* Work item *
The listing must be copied out in full and exactly; no images go with it.

* Data section *
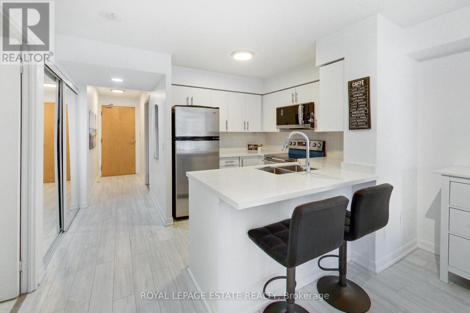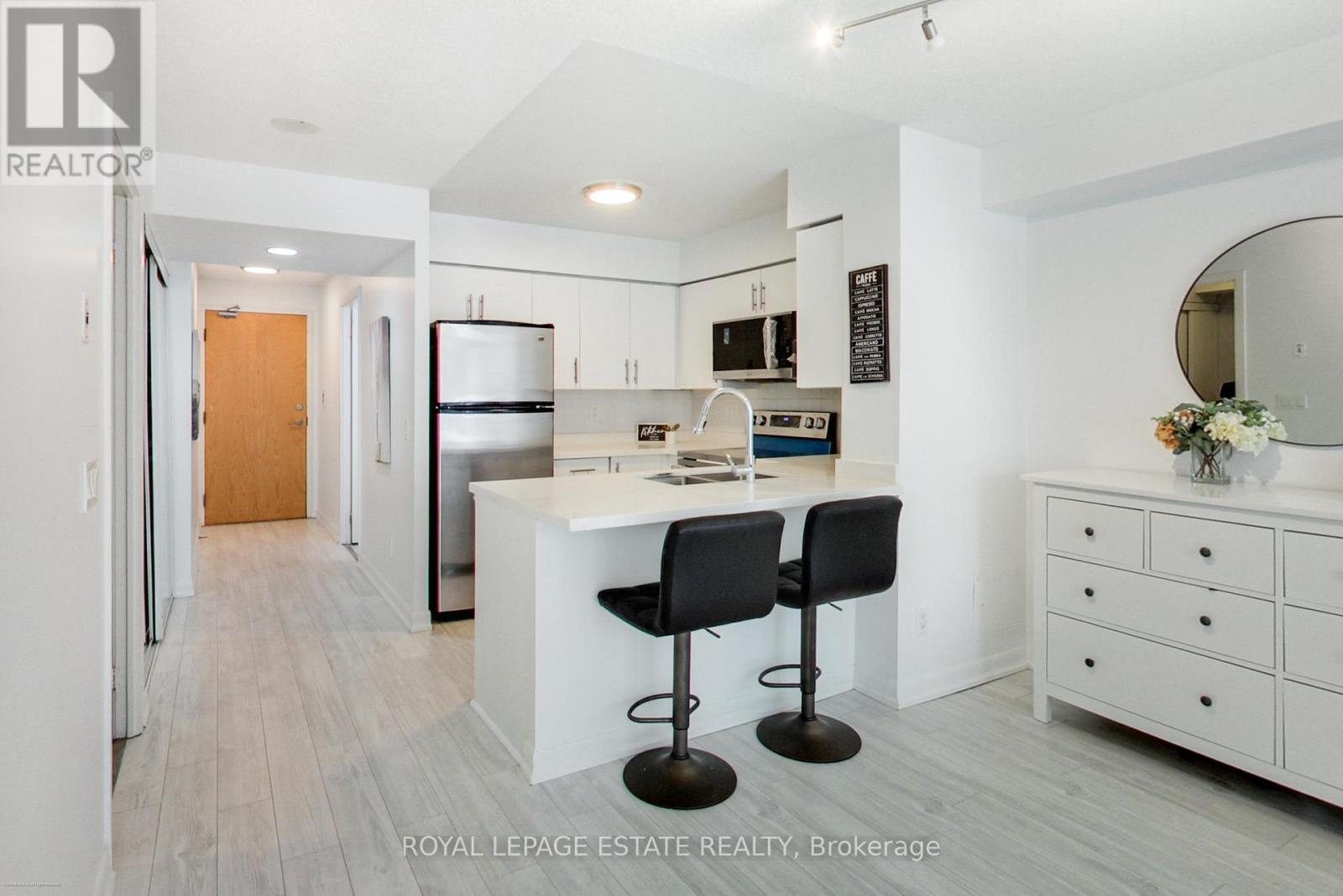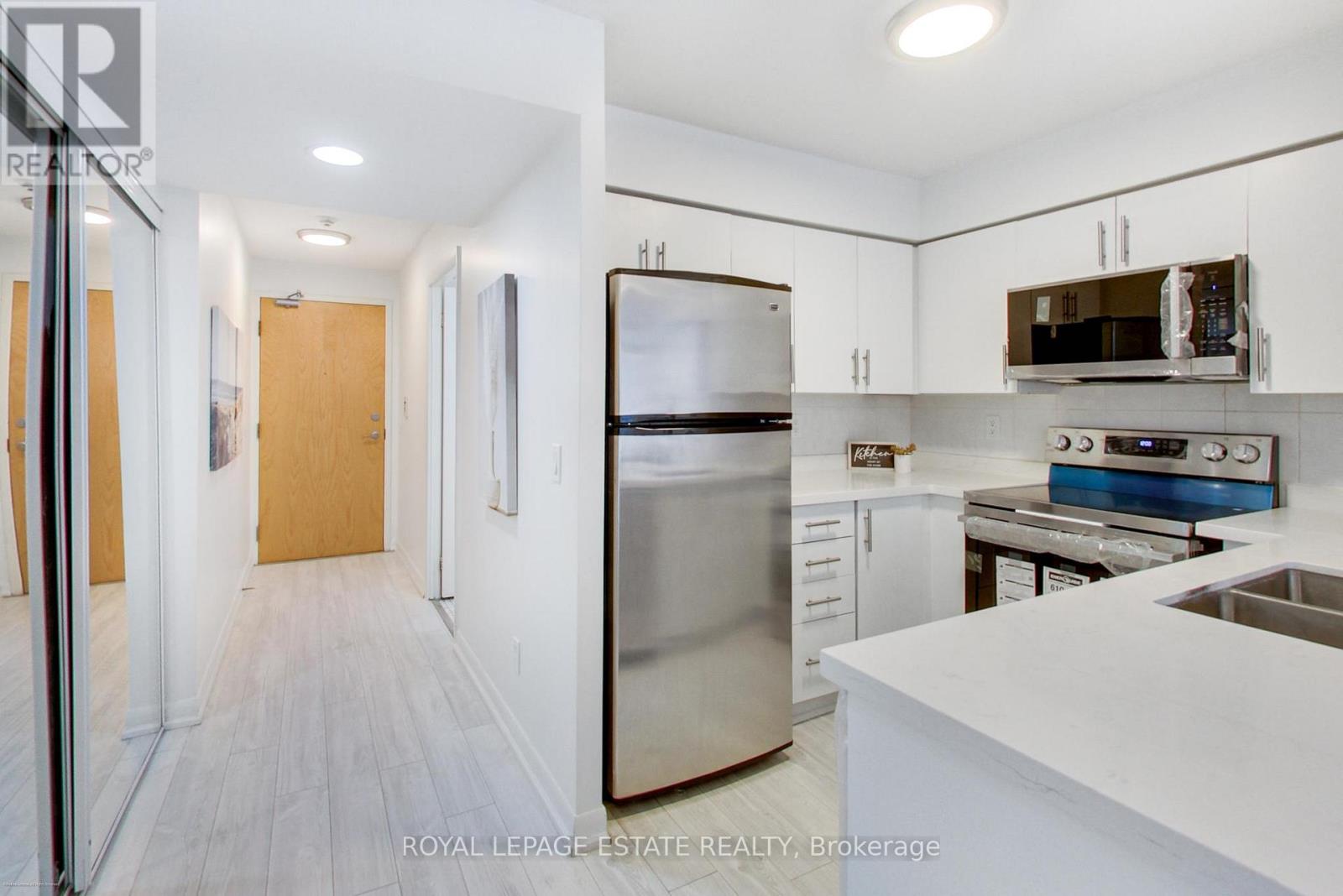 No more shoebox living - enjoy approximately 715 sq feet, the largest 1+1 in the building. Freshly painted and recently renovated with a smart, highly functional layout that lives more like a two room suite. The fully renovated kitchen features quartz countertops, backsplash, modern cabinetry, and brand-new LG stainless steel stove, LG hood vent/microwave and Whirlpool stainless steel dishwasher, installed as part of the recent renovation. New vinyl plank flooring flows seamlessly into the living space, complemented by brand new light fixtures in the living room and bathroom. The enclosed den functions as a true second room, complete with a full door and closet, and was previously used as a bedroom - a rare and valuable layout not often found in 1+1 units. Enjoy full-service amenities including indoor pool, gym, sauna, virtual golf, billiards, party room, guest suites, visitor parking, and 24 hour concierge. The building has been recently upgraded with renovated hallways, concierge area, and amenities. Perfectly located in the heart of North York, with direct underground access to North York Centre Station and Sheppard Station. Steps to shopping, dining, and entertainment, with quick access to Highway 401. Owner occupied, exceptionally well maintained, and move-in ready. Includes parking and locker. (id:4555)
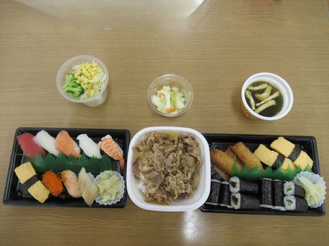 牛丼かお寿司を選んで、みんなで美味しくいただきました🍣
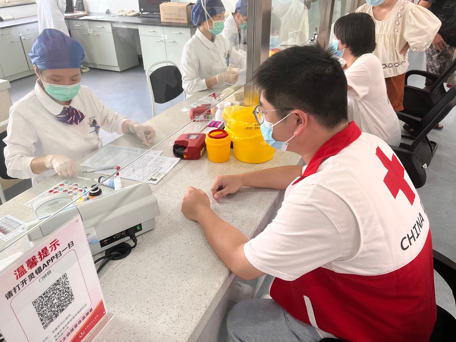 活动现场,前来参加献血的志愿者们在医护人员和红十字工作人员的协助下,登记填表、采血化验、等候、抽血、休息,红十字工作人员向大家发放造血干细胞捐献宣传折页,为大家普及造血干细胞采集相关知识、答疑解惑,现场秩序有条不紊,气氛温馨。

* The completed task *
 No more shoebox living - enjoy approximately 715 sq feet, the largest 1+1 in the building. Freshly painted and recently renovated with a smart, highly functional layout that lives more like a two room suite. The fully renovated kitchen features quartz countertops, backsplash, modern cabinetry, and brand-new LG stainless steel stove, LG hood vent/microwave and Whirlpool stainless steel dishwasher, installed as part of the recent renovation. New vinyl plank flooring flows seamlessly into the living space, complemented by brand new light fixtures in the living room and bathroom. The enclosed den functions as a true second room, complete with a full door and closet, and was previously used as a bedroom - a rare and valuable layout not often found in 1+1 units. Enjoy full-service amenities including indoor pool, gym, sauna, virtual golf, billiards, party room, guest suites, visitor parking, and 24 hour concierge. The building has been recently upgraded with renovated hallways, concierge area, and amenities. Perfectly located in the heart of North York, with direct underground access to North York Centre Station and Sheppard Station. Steps to shopping, dining, and entertainment, with quick access to Highway 401. Owner occupied, exceptionally well maintained, and move-in ready. Includes parking and locker. (id:4555)
 牛丼かお寿司を選んで、みんなで美味しくいただきました🍣
 活动现场,前来参加献血的志愿者们在医护人员和红十字工作人员的协助下,登记填表、采血化验、等候、抽血、休息,红十字工作人员向大家发放造血干细胞捐献宣传折页,为大家普及造血干细胞采集相关知识、答疑解惑,现场秩序有条不紊,气氛温馨。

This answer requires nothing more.